Bloch succeeded in elucidating the structure of one of these tiny mechanisms, namely an enzyme responsible for the development of this combi-molecule. This tiny mechanism is called ALG6 and belongs to an entire family of so-called glucosyltransferase enzymes. "We were able to draw conclusions with regard to the entire enzyme family and create something of a blueprint regarding the structure of these enzymes and how they function," says Bloch. Together with his co-authors, he also developed a molecular glycan "kit" that enables him to reconstruct and study the entire ALG enzyme cascade in a test tube. This was all basic research in a classical sense, but the discovery could ultimately also affect the production of medicines based on sugar biology, including drugs for organ transplantations, cancer therapies or treatments for viral infections.
Cryogenic electron microscopy is a decisive instrument in researching molecular structures. It had hitherto been practically impossible to shed light on proteins in membranes of cells and cell organelles using this method as they were frequently too small. However, he also managed to achieve a breakthrough in this regard. "We thought it would probably work if we linked an antibody to the protein, thus increasing the weight." During a research period in Chicago, the doctoral candidate Bloch learned how to produce synthetic antibodies and, indeed, it did work.

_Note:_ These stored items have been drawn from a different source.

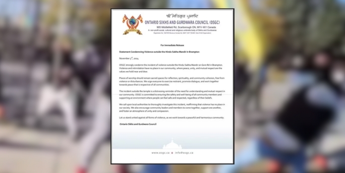 ओंटारियो शिख एण्ड गुरूद्वारा कौन्सिलच्या पत्रकात म्हटले आहे की, शीख समुदायात हिंसा आणि धमक्या यासारख्या गोष्टींना स्थान नाही. सर्वांमध्ये शांतता, एकता असावी आणि प्रत्येकाने एकमेकांचा आदर केला पाहिजे. श्रद्धेचे ठिकाण हे हिंसाचाराचे आणि अशांततेचे ठिकाण नाही. ते एक पवित्र स्थान आहे. अध्यात्म आणि सर्वांच्या समान चिंतनासाठी ते बाजूला ठेवले पाहिजे. आम्ही आवाहन करतो की प्रत्येकाने संयमाने वागावे, सर्व समाजाचा आदर केला पाहिजे आणि यासाठी एकत्र काम करावे. सर्वांनी संघटित होऊन अशा घटकांविरुद्ध आवाज उठवावा, असे आवाहनही शीख समुदायाने समाजाला केले आहे. असे केल्यानेच शांततामय समाजाची स्थापना होऊ शकते.
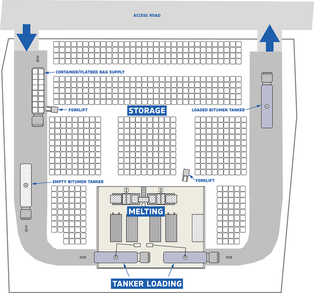 The CPU is ideally positioned near the bitumen production plant and can be supplied by a pipeline or tankers. It is a compact semi-automatic process plant that does not require much space and can be placed in the vicinity of the bitumen production facility (or even within the premises as an add-on).
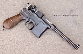 Generally considered the second oldest successful semi auto pistol it came out in 1896. The Borchardt that came out in 1893 was the first successful auto loader though it didn’t stick around very long and was the forunner of the Luger. The Borchardt pistol came out with a 30 caliber bottle neck cartridge which was also adopted by the Mauser C 96 pistol in essentially the same loading though the C 96 was loaded a little hotter by some accounts. While the Broomhandle wasn’t designed by Paul Mauser three brothers who worked at his factory developed the design over a period of a couple of years starting in 1893. By March of 1895 they had a prototype made and fired it. The brothers Fidel, Friedrich and Josef Feederle had designed the Mauser pistol and by 1896 Paul Mauser applied for patients in several countries as he felt the he had a commercial winner.
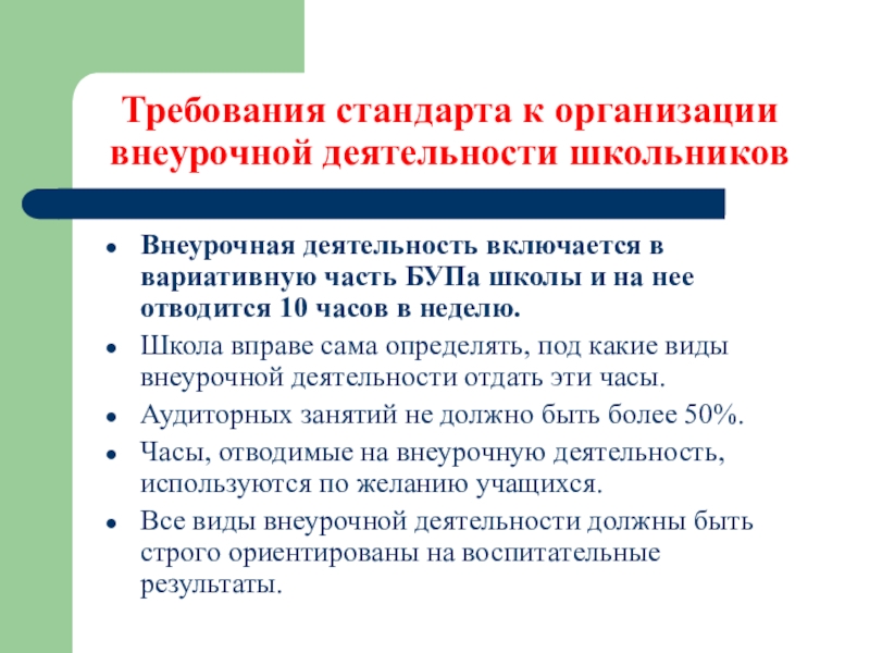 о внеурочной деятельности;

Today, the postdoc Joël Bloch researches with the chemistry Nobel laureate Roderick MacKinnon at Rockefeller University in New York. In a zoom call, the passionate researcher relates how he loves to explore the city on long walks. His dissertation, on the other hand, was anything but a walk in the park. "Joël's projects were all of a high risk nature, and a lot of experimental difficulties needed to be overcome," says Bloch's doctoral supervisor Kaspar Locher, and his protégé can only confirm this. "It takes a lot of perseverance, and sometimes years go by without any results being achieved. Most things simply did not work." Bloch considered it similar to the first expedition exploring the Antarctic. "You don't know what to expect, or whether you'll get there – and whether you will ever come back again”.
A passion for research is a "priceless gift"
Ultimately, it is exactly this pioneering character that ensures structural biology still remains so "extremely fascinating" for the young scientist. "Aesthetically, it is certainly one of the most attractive sciences," he says with radiant eyes. "If one unravels the structure of a protein, one achieves a beautiful picture, and you are the first person to have ever seen this. And these structures frequently enable one to answer questions that have puzzled biology for decades." Finally, he regards the Prix Schläfli and the lecturing activity associated with it as a sort of obligation to instil other young people with this burning interest in science, "just like my school teacher did with me".
He would like to continue researching in cellular biology "employing techniques that we probably are unaware of today". He dreams of a professorship in Switzerland or the United States, or somewhere "where the setting is just right". Although salaries in industry are very tempting, particularly in the United States, "Being on the front line in science is a priceless gift," he stresses. "Money is no compensation for this."